In order to meet emergency requests for MDT, WHO maintains at the donor’s expense, substantial buffer stocks at the manufacturing plant. Currently these buffer stocks are equivalent to around 40% of global annual requirements but vary depending on perceived need. To ensure a rapid response to requests for smaller emergency supplies, WHO maintains additional buffer stocks at its headquarters in Geneva and Regional Office in Manila.
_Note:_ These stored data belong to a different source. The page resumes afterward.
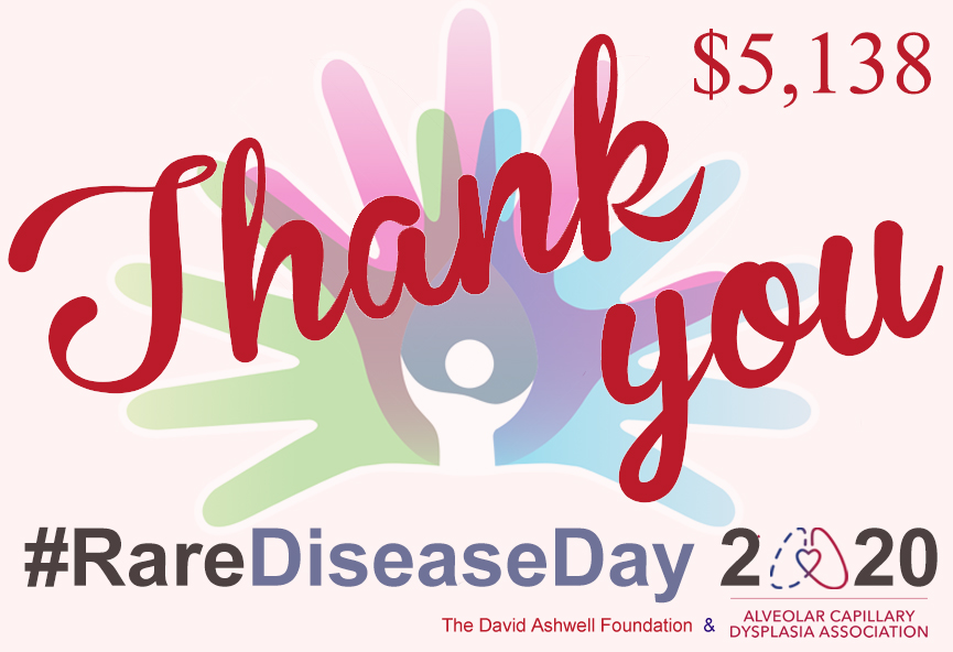 Stay tuned for updates in the coming days on the total amount raised in connection with #RareDiseaseDay 2020! The funds will be contributed to ACDMPV research grants and supports the efforts of the medical community to find the cause of and cure for ACDMPV. If you would still like to contribute, please visit our website here at any time – https://acdassociation.org/donate/
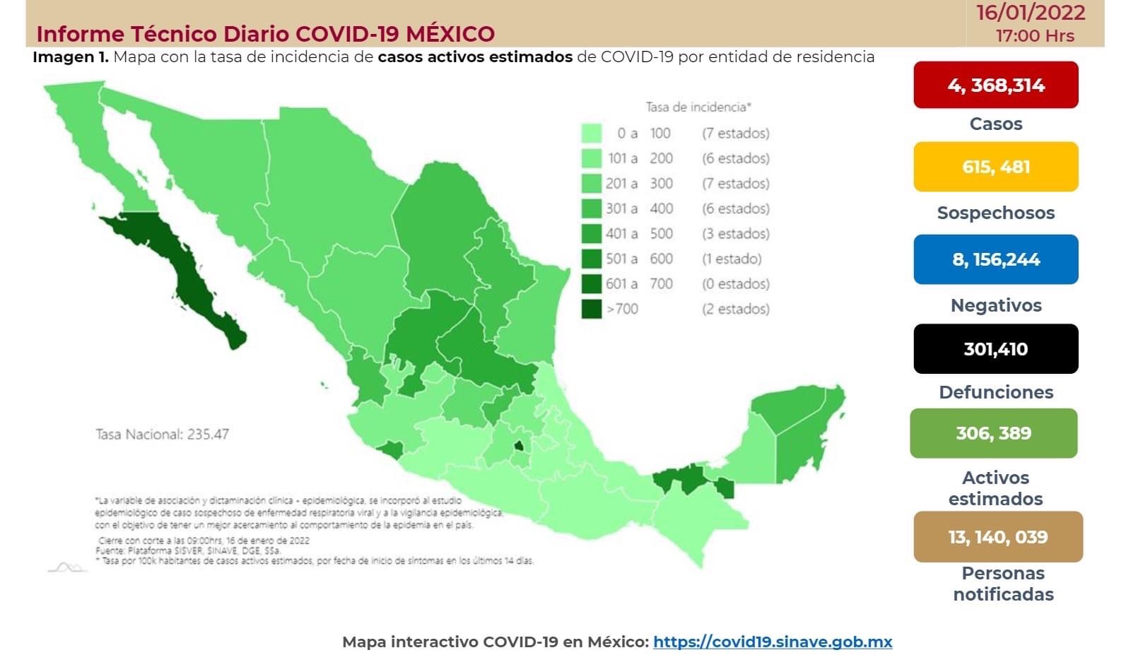 La Secretaría de Salud de México informó que el país registró este domingo 19 mil 132 nuevos contagios de COVID-19 para un total de 4 millones 368 mil 314 casos, además de 76 muertes para llegar a 301 mil 410 decesos totales.
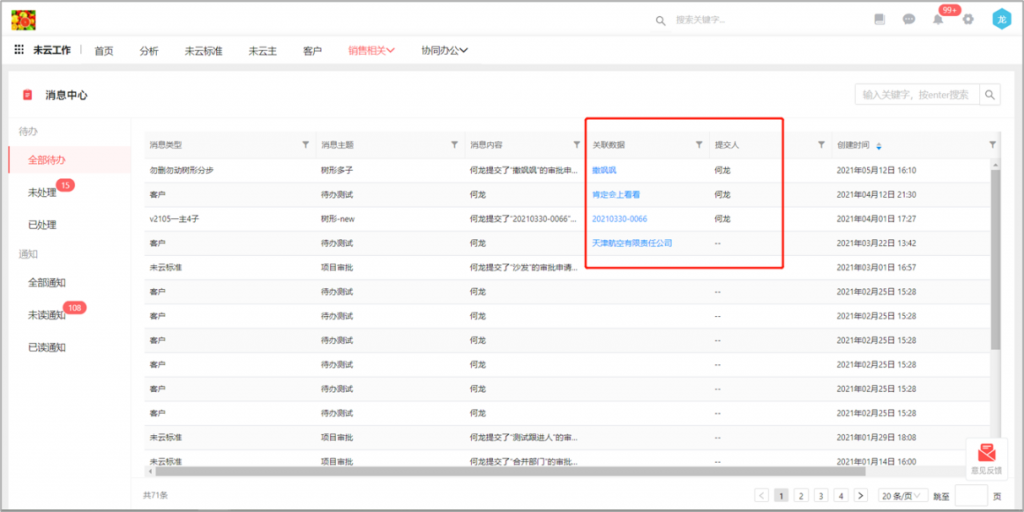 web端待辦顯示提交人和關聯(lián)數(shù)據(jù)標題:web端消息中心,待辦消息中增加提交人和關聯(lián)數(shù)據(jù)的信息顯示

Response times from WHO Geneva are typically 48 hours and most despatches are made via courier.

he Global Leprosy Strategy

In 2016 WHO launched the Global Leprosy Strategy 2016–2020: Accelerating towards a leprosy-free world, which aims to reinvigorate efforts to control leprosy and avert disabilities, especially among children still affected by the disease in endemic countries.

The strategy emphasizes the need to sustain expertise and increase the number of skilled leprosy staff, improve the participation of affected persons in leprosy services and reduce visible deformities as well as stigmatization associated with the disease. It also calls for renewed political commitment and enhanced coordination among partners while highlighting the importance of research and improved data collection and analysis.

The key interventions needed to achieve the targets include:

• detecting cases early before visible disabilities occur, with a special focus on children as a way to reduce disabilities and reduce transmission;
• targeting detection among higher risk groups through campaigns in highly endemic areas or communities; and
• improving health care coverage and access for marginalized populations.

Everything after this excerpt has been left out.